As the first oil baron turned CIA director to become president, Bush could not shake the establishment aura of Yale and the Skull and Bones, and during his reelection bid in 1992, the reactionary-populist Pat Buchanan accused Bush of “running a Skull and Bones presidency.”

However, no such slights or loose lips could be found when it came time for the New Haven–born Texan George W. Bush to make his bid for the White House. In one campaign interview, George W. refused to publicly admit that he was a member and claimed not to know if the society still existed.

However, it is widely rumored around the Yale campus that George W. had his 1968 class of Skull and Bones as guests in the White House shortly after the inauguration to thank them for their assistance and their silence.
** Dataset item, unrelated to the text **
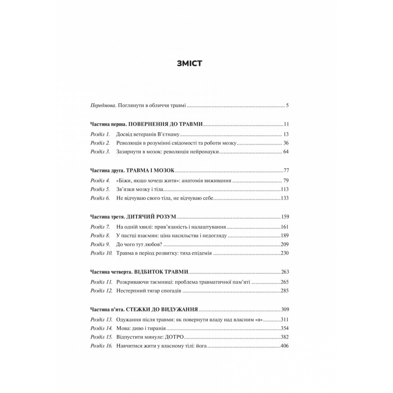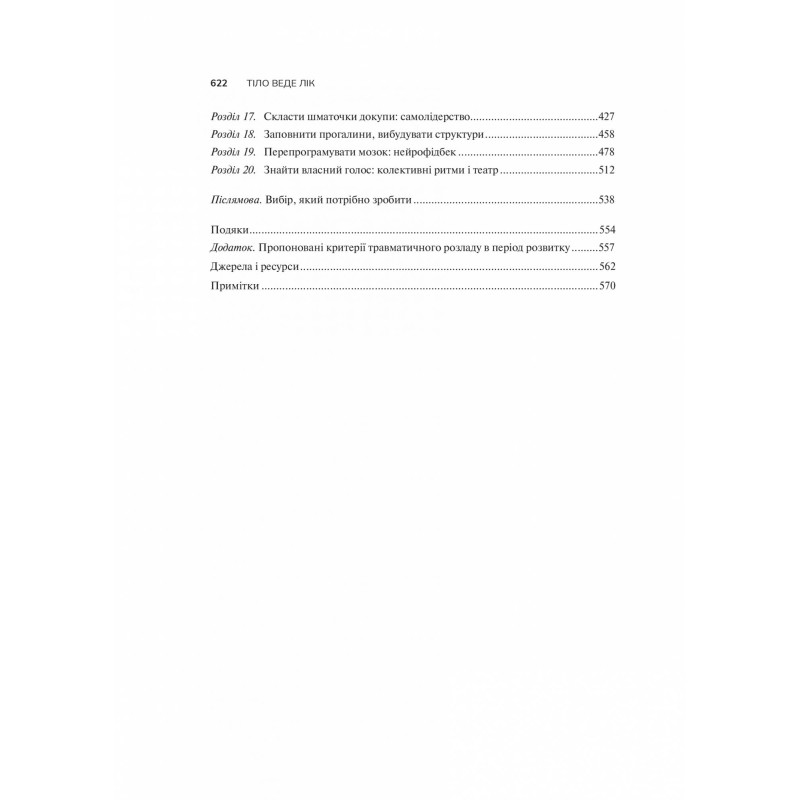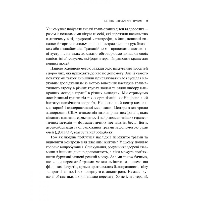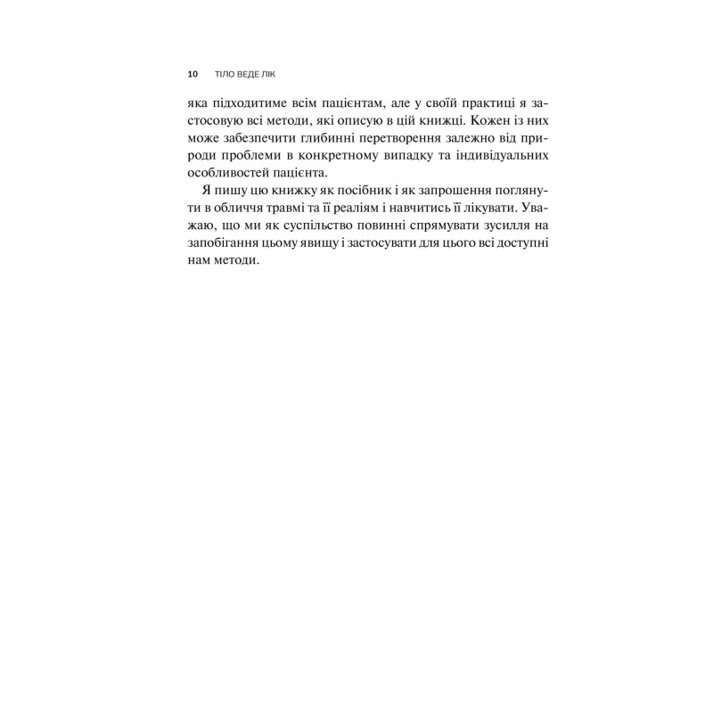 При потужному науковому бекґраунді, книга має доступне викладення та розрахована на широке коло читачів. Автор підказує, як викрити причину своїх страждань, знайти спосіб їх подолання та відновити зв’язок із власною свідомістю, тілом та оточенням. Книга поєднує у собі теоретичні знання та практичні вправи, опитування для самоперевірки на предмет стресових розладів. Вона буде корисна як спеціалістам з ментального здоров’я так і просто людям, які б хотіли покращити своє власне. Боротьба з травмою не має проходити наодинці, і книга стане вірним супутником та помічником на шляху одужання.

One can only imagine what they might recall from his “bright college years.”

In 1991 another break-in of sorts occurred when the Skull and Bones engaged in a semipublic debate over the admission of women. Given the highly sexualized nature of the initiation rituals and the masculine bonding that members believe gives the Order its cohesion and loyalty, many members bitterly opposed the inclusion of women. However, the Bonesmen finally voted to admit women, with an as yet unknown modification to their rites and rituals.

At the start of the twenty-first century, with a member in the White House, the Skull and Bones continues to recruit a mix of the well-bred (George W.’s daughter Barbara is certain to be tapped) with the most forward thinking and brightest campus leaders, thereby continuing to fulfill its self-ascribed mission of reproducing the U.S. ruling class.